How to take Advantage of the “Eager Beavers” and Early “False Breakouts”!

Category: Economy, My Web LogAdmin @ 12:25 AM

Guest Article by Joseph Bridges, founder and CEO of Capital Research and Trading, LLC

visit Joe at www.treasuryincomeengine.com

Trading volatility breakouts has been around for a long time, and if you think about it carefully that’s really what you’re trading regardless of what you think you’re trading.

Volatility, assuming it’s in the direction of your position, is what validates your decision.

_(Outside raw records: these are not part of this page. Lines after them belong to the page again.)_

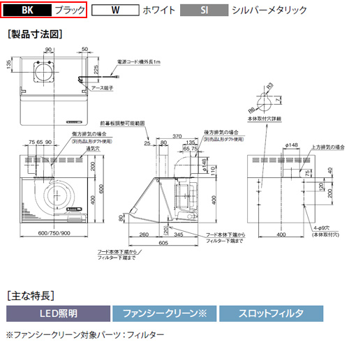 ●レンジフード スタンダードシリーズ[シロッコファン][幅90cm][総高さ60cm][ブーツ型][前幕板付属][ブラック]
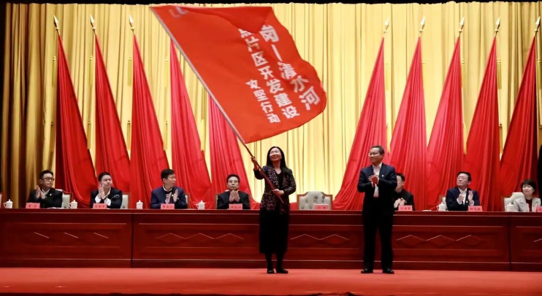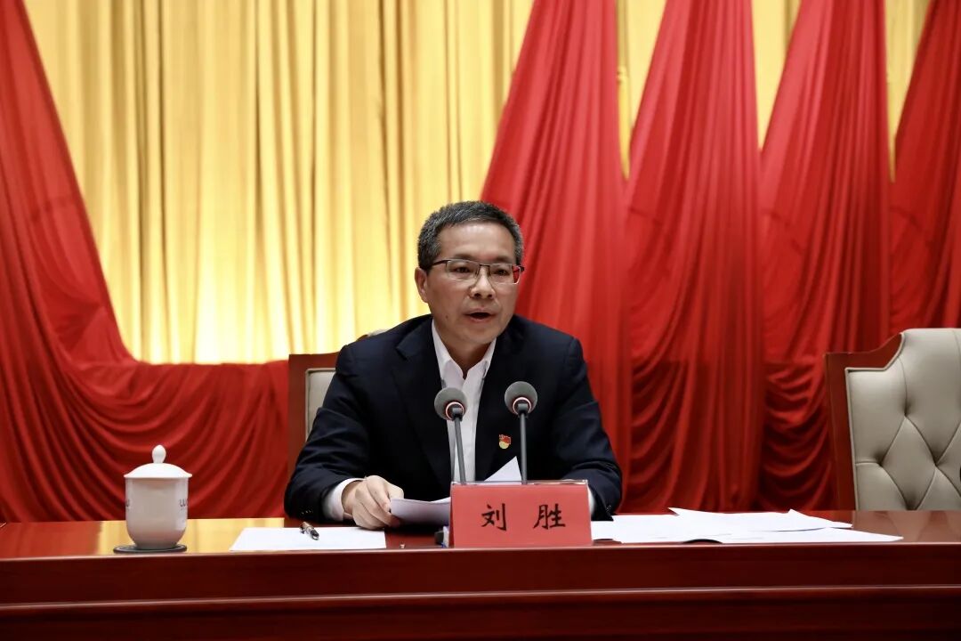 大会现场,刘胜、范德繁为2022年攻坚克难任务的11个攻坚行动总牵头单位授旗,领旗人进行现场宣誓。
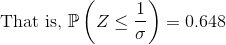 Looking up the Z table, we get P(Z < z) = 0.648 occurs at z = 0.38. Hence,
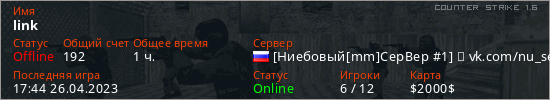 Последний раз был в сети 17:44 26.04.2023 Игрок с таким ником замечен на 16 серверах
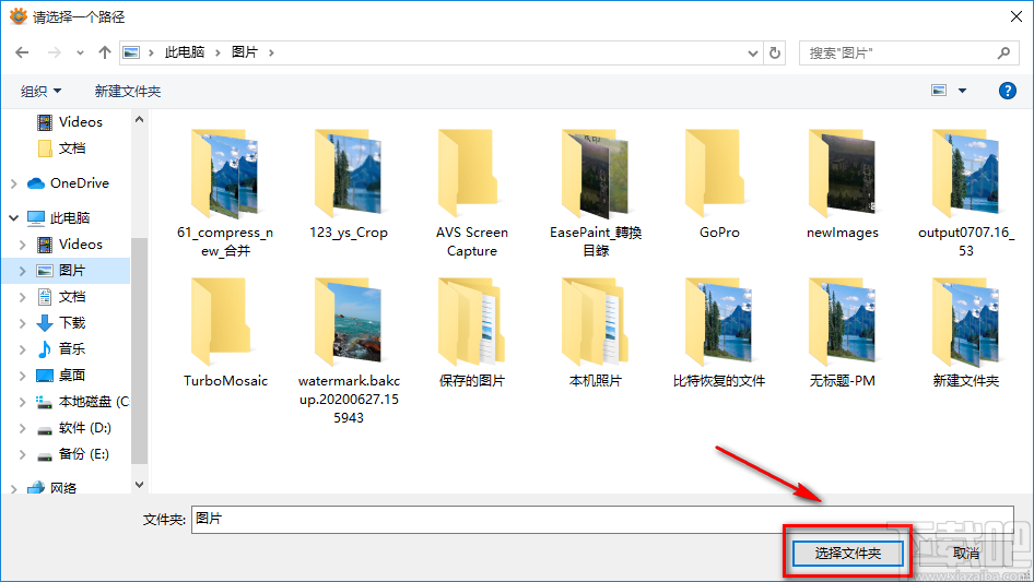 4.在文件保存路径选择页面中,我们找到文件的保存路径位置后,再点击页面右下角的“选择文件夹”按钮即可。
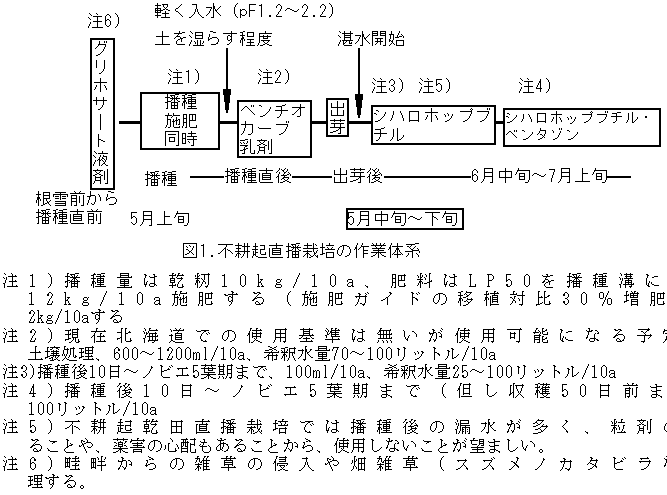 (1) 不耕起乾田直播栽培は、カルパー・耕起・代かきが不要で湛水直播よりも工程数が少ない省力低コスト技術である。本成績では上川中央部に適応した栽培体系を確立した(図1)。

Lack of it almost assuredly means your assumptions are incorrect.

At the moment, I’m almost entirely consumed by the Treasury futures markets and I’ve noticed a simple pattern that, for lack of a better term, we’ll call it the “Eager Beaver”.

“Eager Beavers” are the eternal optimist of the trading world; all they see is sunshine and rainbows at the beginning of each day. “Eager Beavers” want to enter early and ride the wave for the big profits that will come at the end of the day.

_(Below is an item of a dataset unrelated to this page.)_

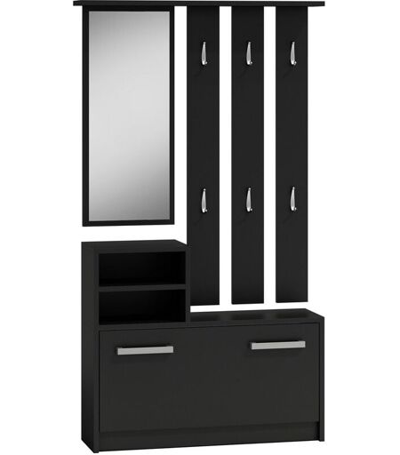 Description générale Ce meuble d'entrée VITTORIA allie praticité et design moderne. Il est équipé de six crochets pour suspendre vos manteaux, d'un grand miroir, de deux niches pour le rangement de petits objets et d'une étagère. De plus, il offre un espace de rangement pour vos chaussures pouvant accueillir jusqu'à 9 paires. Sa couleur sobre et sa finition tendance lui permettent de s'intégrer parfaitement dans tout style d'intérieur. Spécifications techniques Dimensions : 180x85x24 cm Structure en panneaux de particules mélaminés de 16 mm Poignées de haute qualité Bords en PVC Fabriqué en Europe Assemblage aisé Fixations murales non fournies Compatibilité et accessoires Compatible avec divers styles d'intérieur Accessoires de fixation murale non inclus Installation Assemblage simple avec les instructions fournies Fixations murales à prévoir selon vos besoins Utilisation Idéal pour les entrées et les couloirs Permet un rangement organisé des vêtements et accessoires ...

Well folks, it happens that way some of the time, in fact just enough to keep them coming back to the trough and believing in the Easter Bunny, but not as often as you may think.

What I want you to do is focus on the highlighted area of the chart above. There are a couple of things to notice. First, we opened lower and immediately traded to the end of the previous day’s range and then went into a consolidation phase establishing a range 128-28 for a high and 129-17 for a low. At the moment you’re looking at both buyers and sellers at a standstill neither having the upper hand and are waiting to see what will happen next.

Now we can see that it was the sellers who were on the wrong side as the market breakouts to the upside and begins to head higher, obviously you don’t want to be short this market at the moment and this where the trap is laid. The buyers are happy and confident at this point.

Most traders think in directional terms, they either want to buy or sell. They have a bias for one side or the other. There are a few that want to play both sides repeatedly during the day, but they are a minority.

Here’s what happens next: the breakout buyers are neither rewarded nor punished by their decision. They’re either up by a few or down by a few ticks. There’s no urgency on either side.

Once the apex is broken off the consolidation phase, the breakout buyers start to run for cover plus new sellers start to come under 129-24 - of which I’m one.

Here’s what’s happening: the pros are smoking the retail trader’s with this gimmick. Somehow, someway the ordinary folks get tricked into a position early in the day by a false breakout.

Then later in the day they get caught equity wise because they HAVE to run for cover for margin reasons.

That’s where the opportunity is now, trading against the guy who HAS to trade because of his limited capital.

That’s the antimony of trading against a “False Breakout”.